Although a robust conclusion cannot be drawn due to the potential role of publication bias and the heterogeneity of studies included in the review, this systematic review supports the hypothesis that earlier age at HBV infection is associated with an increased risk of HCC through persistence of viral replication. This review has highlighted some issues in interpreting this association. Studies using maternal HBsAg are only informative when prenatal maternal HBeAg status is available in the study population. The relationships between surrogate markers of disease endpoints, such as viral load and/or HBeAg, are now so clear that they can be used to shorten the time period over which the association is observed. Finally, confounding factors such as viral genotype should be appropriately controlled in the analyses.
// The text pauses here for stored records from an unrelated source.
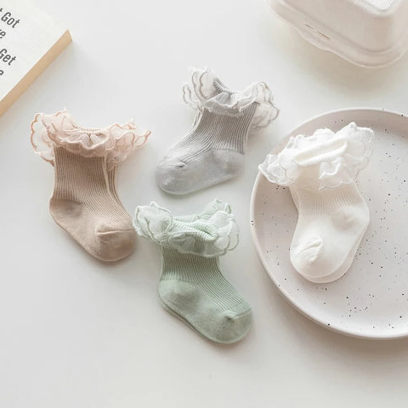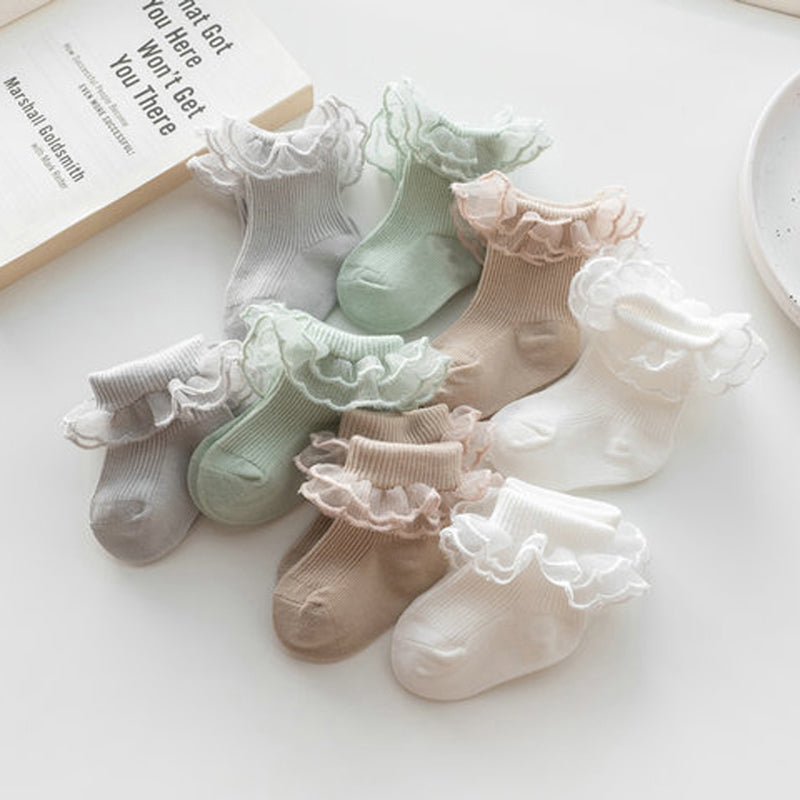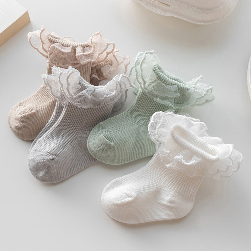 Autumn Winter Baby Lace Ruffle Socks 4 Colors, Anti-Skid Toddler Princess Socks
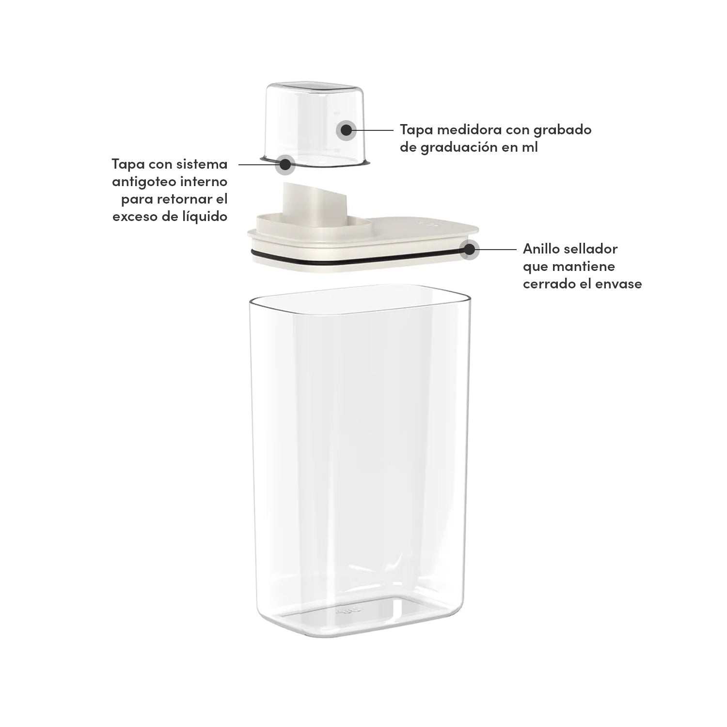 El dispensador Flow de 2,3 L es la solución ideal para almacenar una variedad de productos de limpieza como suavizante, detergente en polvo y desinfectante. Su transparencia facilita la gestión visual del producto.
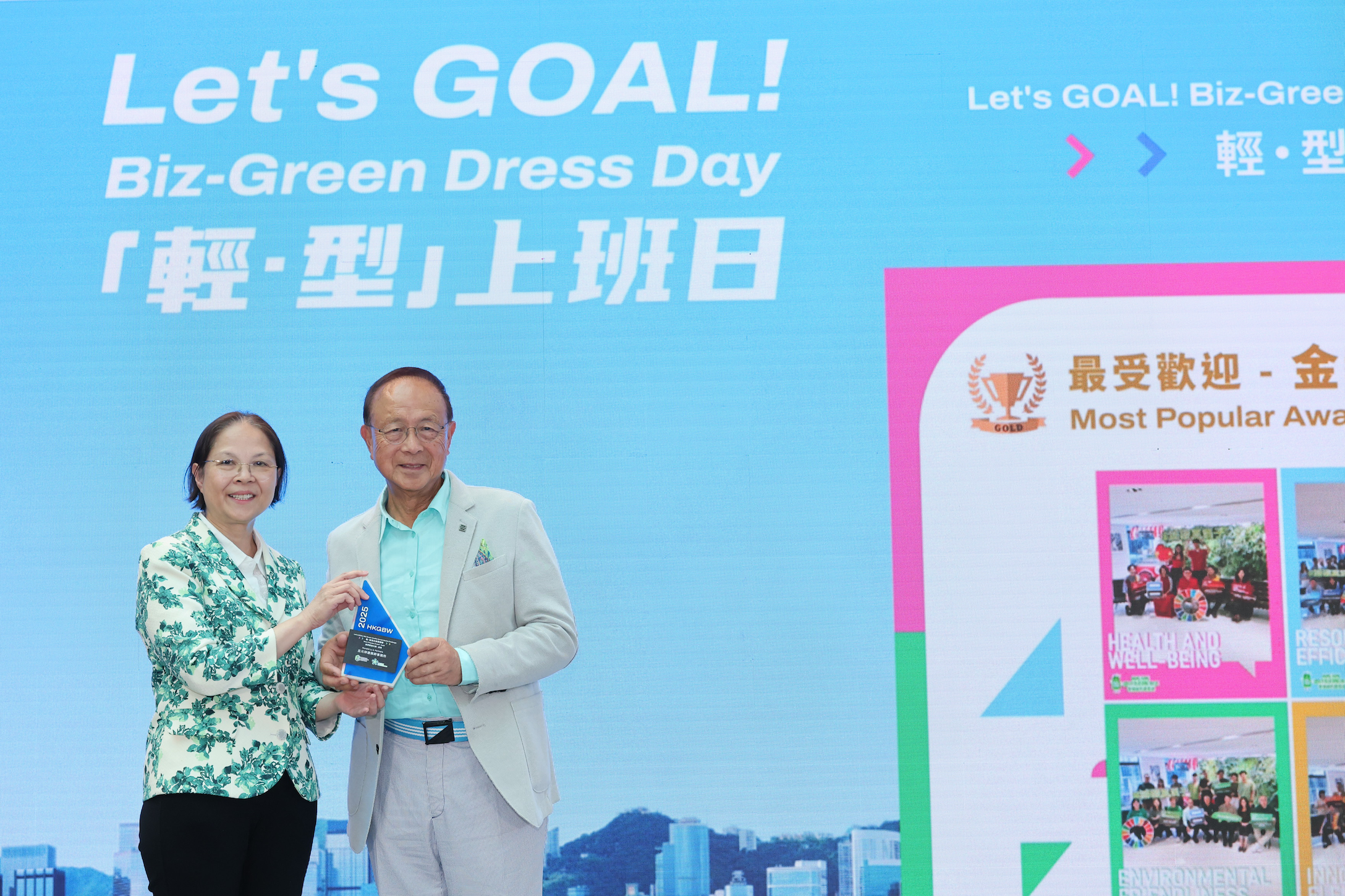 今年參與企業來自不同行業,並在四色穿搭、參與度、人氣及活力表現方面盡顯創意,積極實踐綠色辦公文化。獲「最受歡迎大獎」的呂元祥建築師事務所由創辦人兼主席呂元祥親臨領獎,並由環境及生態局副局長黃淑嫻頒發金獎獎座,為獎項增添象徵意義與分量。

The implications of the effect of early age at infection on the prevention of cirrhosis and primary liver cancer are twofold. First it means that the impact of hepatitis B vaccination on raising the average age at infection will not simply be in reducing the prevalence of chronic infection but also in reducing the adverse effects of that chronic infection in those acquiring it at an older age. Second it adds emphasis to the critical importance of interrupting perinatal transmission – as reflected in the WHO recommendation for a birth dose within 24 hours of birth in all countries [44].
Supporting Information
Acknowledgments
The authors thank Susie Dzakpasu for improving the manuscript and Chien Hui-Lin, George Vamvakas, Elena Malanova, Mariusz Kazmierski and Susanne Groener for assisting with translations.
Funding Statement
Yusuke Shimakawa was funded by the Joint Japan/World Bank Graduate Scholarship Programme. The funder had no role in study design, data collection and analysis, decision to publish, or preparation of the manuscript.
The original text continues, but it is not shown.